La industria En el Siglo XVIII, la industria española enfrentó desafíos como la prevalencia de pequeños talleres y métodos de trabajo arcaicos. Surgíó el trabajo a domicilio, respaldado por Carlos III, donde trabajadores rurales realizaban actividades industriales en casa. Aunque el sistema gremial persistía, se redujeron sus privilegios. Se promovíó el proteccionismo, la construcción de fábricas y manufacturas reales para impulsar la producción y satisfacer la demanda interna. También se fomentó la construcción naval para fortalecer el comercio marítimo y la flota de guerra, clave para el Imperio colonial.

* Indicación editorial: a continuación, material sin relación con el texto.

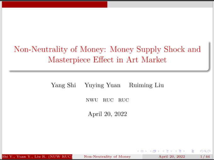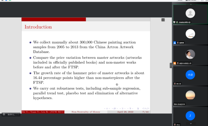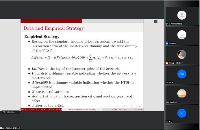 2022年5月12日14:00,中国人民大学国家发展与战略研究院教授、博士生导师刘瑞明应best365体育亚洲邀请,开展主题为“Non-Neutrality of Money:Money Supply Shock and Masterpiece Effect in Art Market”的讲座,本次讲座通过腾讯会议平台线上举行,刘瑞明老师受到了老师和同学们的热烈欢迎!best365体育亚洲黄乃静副教授主持了线上学术交流会,陈斌开经理、尹振东教授与2020级博士生共同参与了本次学术交流。

El comercio En el Siglo XVIII, se impulsaron reformas para mejorar el comercio en España. Se mejoraron las vías de comunicación, se eliminaron aduanas internas y se promulgó la Ley de libre circulación de granos para favorecer el comercio interior. Además, se liberalizó el comercio con América en 1778, estimulando las manufacturas y el comercio en Cataluña. A pesar de estas medidas, el comercio exterior seguía siendo deficitario, ya que la industria peninsular tenía limitada capacidad productiva, resultando en la importación mayoritaria de manufacturas extranjeras.

Otros campos de actuación La política regalista buscó afirmar la supremacía de la Corona sobre la Iglesia en España. Se implementaron medidas como un mayor control sobre la Inquisición y la expulsión de la Compañía de Jesús por decreto de Carlos III en 1767. Los ilustrados promovieron la difusión de sus ideas a través de la educación, proponiendo un modelo diferenciado para la aristocracia y el pueblo. También se fomentó la creación de las Sociedades Económicas de Amigos del País, que se dedicaban al estudio de las necesidades provinciales, la traducción y difusión de libros extranjeros con ideas fisiócratas y liberales, así como al impulso de la industria y el comercio.

CONCLUSIÓN El Siglo XVIII fue una etapa de estabilidad en el Antiguo Régimen, con mejoras demográficas y económicas. La Ilustración, un movimiento optimista y racional, influyó en esta época. Aunque los borbones no transformaron las estructuras fundamentales, plantearon reflexiones sobre reformas necesarias. A pesar de las limitaciones del Absolutismo, el Siglo XVIII allanó el camino para futuras reformas liberales en el Siglo XIX.